For an edge device such as an attached server, you'll want to distinguish among hardware problems, operating system problems, and application problems, then upgrade accordingly.
Capacity planning is really an umbrella that describes several closely related activities. Capacity management is the process of allocating resources in a cost-efficient way. It is concerned with the resources that you currently have. (As you might guess, this is closely related to bottleneck analysis.) Trend analysis is the process of looking at system performance over time, trying to identify how it has changed in the past with the goal of predicting future changes. Capacity planning attempts to combine capacity management and trend analysis. The goal is to predict future needs to provide for effective planning.
The basic steps are fairly straightforward to describe, just difficult to carry out. First, decide what you need to measure. That means looking at your system in much the same way you did with bottleneck analysis but augmenting your analysis with anything you know about the future growth of your system. You'll need to think about your system in context to do this.
Next, select appropriate tools to collect the information you'll need. (mrtg and cricket are the most obvious tools among those described in this book, but there are a number of other viable tools if you are willing to do the work to archive the data.) With the tools in place, begin monitoring your system, recording and archiving appropriate data. Deciding what to keep and how to organize it is a tremendously difficult problem. Every situation is different. Each situation is largely a question of balancing the amount of work involved in keeping the data in an organized and accessible manner with the likelihood that you will actually use it. This can come only from experience.
Once you have the measurements, you will need to analyze them. In general, focus on areas that show the greatest change. Collecting and analyzing data will be an iterative process. If little is different from one measurement to the next, then collect data less frequently. When there is high variability, collect more often.
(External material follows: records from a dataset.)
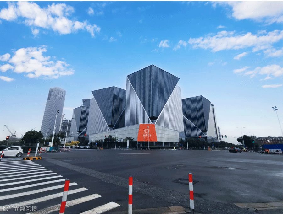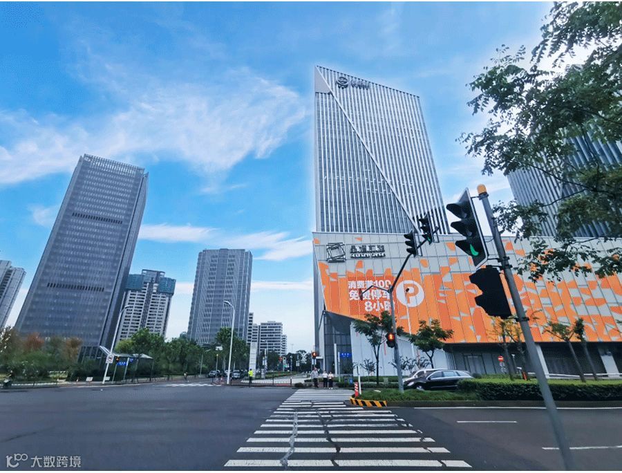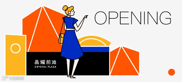 前方出现晶耀前滩建筑体(如图所示),穿越十字交叉路口,即抵达晶耀前滩购物中心。
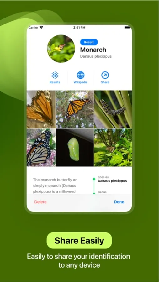 Keep track of your identifications with a beautiful collection space. You can share any of your insect id with your friends.
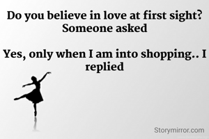 Do you believe in love at first sight? Someone asked Yes, only when I am into shopping.. I replied
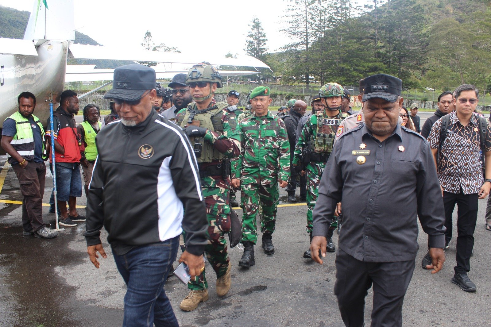 Rombongan pejabat tinggi menyampaikan apresiasi luar biasa serta ucapan terima kasih yang setinggi-tingginya atas dedikasi dan pelaksanaan tugas yang sangat baik dan profesional dari seluruh pasukan yang bertugas di Kabupaten Puncak Jaya. Usai tuntas melaksanakan kunjungan kerja, rombongan kembali melanjutkan perjalanan menggunakan pesawat menuju tujuan masing-masing. (Pen Kodim 1714/PJ)

Finally, you'll make your predictions and adjust your system accordingly.
There are a number of difficulties in capacity planning. Perhaps the greatest difficulty comes with unanticipated, fundamental changes in the way your network is used. If you will be offering new services, predictions based on trends that predate these services will not adequately predict new needs. For example, if you are introducing new technologies such as Internet telephony or video, trend analysis before the fact will be of limited value. There is a saying that you can't predict how many people will use a bridge by counting how many people are currently swimming across the river. If this is the case, about the best you can do is look to others who have built similar bridges over similar rivers.
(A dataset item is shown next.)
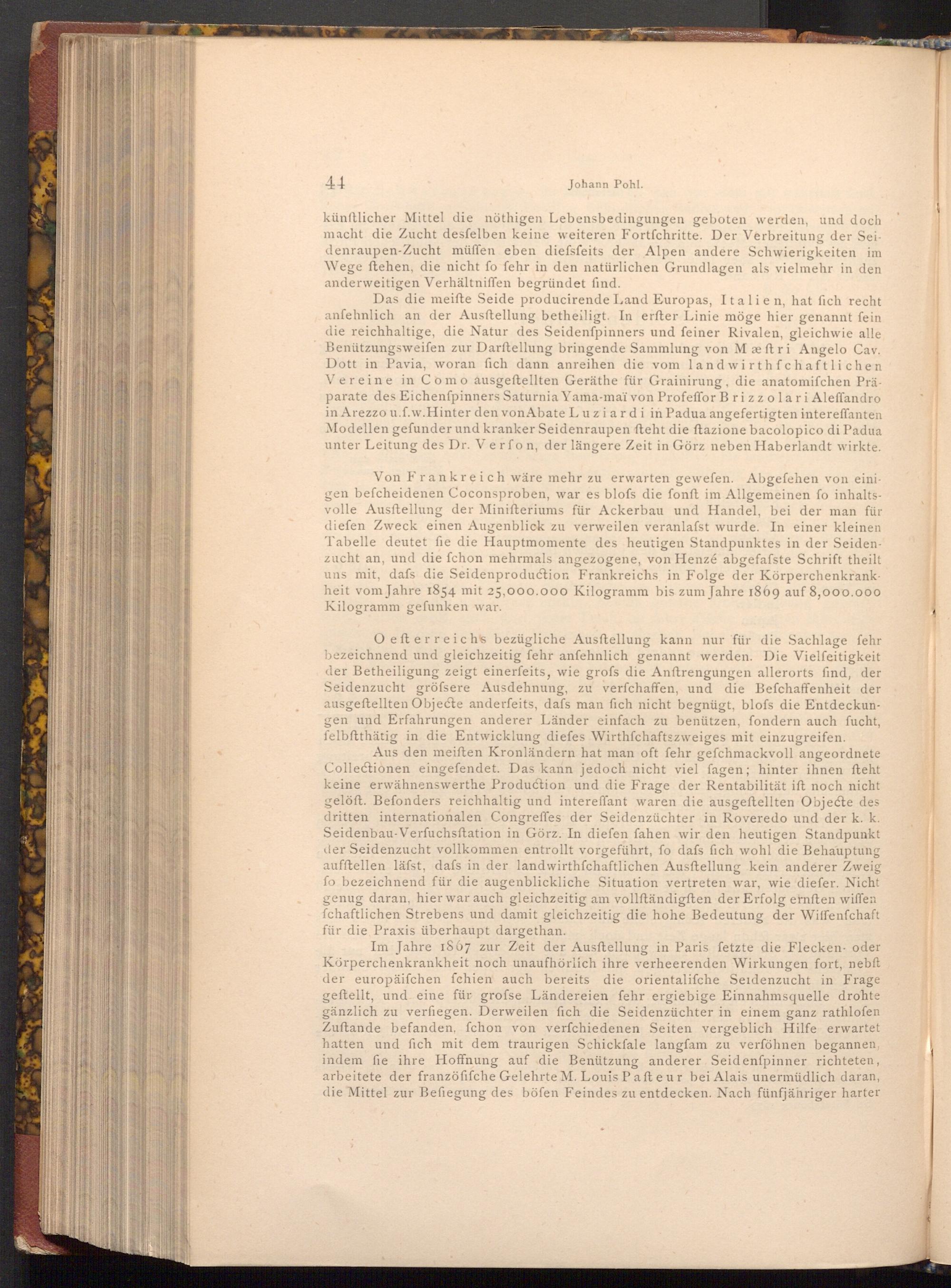 Im Jahre 1867 zur Zeit der Ausftellung in Paris fetzte die Flecken oder Körperchenkrankheit noch unaufhörlich ihre verheerenden Wirkungen fort, nebft der europäiſchen fchien auch bereits die orientalifche Seidenzucht in Frage geftellt, und eine für grofse Ländereien fehr ergiebige Einnahmsquelle drohte gänzlich zu verfiegen. Derweilen fich die Seidenzüchter in einem ganz rathlofen Zuftande befanden, fchon von verfchiedenen Seiten vergeblich Hilfe erwartet hatten und fich mit dem traurigen Schickfale langfam zu verföhnen begannen, indem fie ihre Hoffnung auf die Benützung anderer Seidenfpinner richteten, arbeitete der franzöfifche Gelehrte M. Louis Pafteur bei Alais unermüdlich daran, die Mittel zur Befiegung des böfen Feindes zu entdecken. Nach fünfjähriger harter

Another closely related problem is differential growth. If your network, like most, provides a variety of different services, then they are probably growing at different rates. This makes it very difficult to predict aggregate performance or need if you haven't adequately collected data to analyze individual trends.
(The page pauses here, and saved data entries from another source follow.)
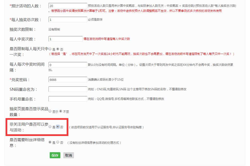 第四步:公众号抽奖活动怎么做关键是引流增粉,与微信功能高度整合,“关注微信公众号后才能抽奖(先关注再抽奖)”便是一项重要功能,可帮助微信公众号快速吸引粉丝增加关注量。具体的提示信息也是可以在后台设置的。我们一般建议提示信息可以这样写:“请进入xxx公众号,点击下方菜单进入抽奖。”,提示信息中可插入您公众号的二维码方便用户长按即可关注。 这样写提示可以重点突然让用户从公众号作为入口进入抽奖,而不要过分高调的强调“先关注再抽奖”
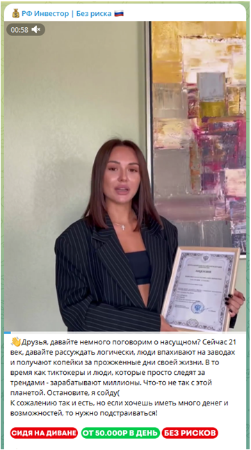 Ведущая представляется именем Ульяна. В приветственном видеосообщении она призывает всех сотрудничать с ней. Благодаря собственной системе администратор смогла выйти на постоянный и очень высокий доход, который она получает при помощи трейдерской работы.
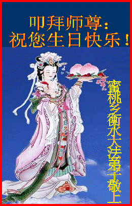 师尊啊!弟子们拿什么敬献给您的生日呢?把我们修好的那最纯净的部份供奉给您吧?可那是您给的;把凡间最优美的语言敬献给您吧?可那是您造的。我们只能是做好您要求的“三件事”,修好自己,救度世人,不偏离法,能跟着您回家,我能把这称为报答吗?

Yet another difficulty is motivation. The key to trend analysis is keeping adequate records, i.e., measuring and recording information in a way that makes it accessible and usable. This is difficult for many people since the records won't have much immediate utility. Their worth comes from being able to look back at them over time for trends. It is difficult to invest the time needed to collect and maintain this data when there will be no immediate return on the effort and when fundamental changes can destroy the utility of the data.
You should be aware of these difficulties, but you should not let them discourage you. The cost of not doing capacity planning is much greater.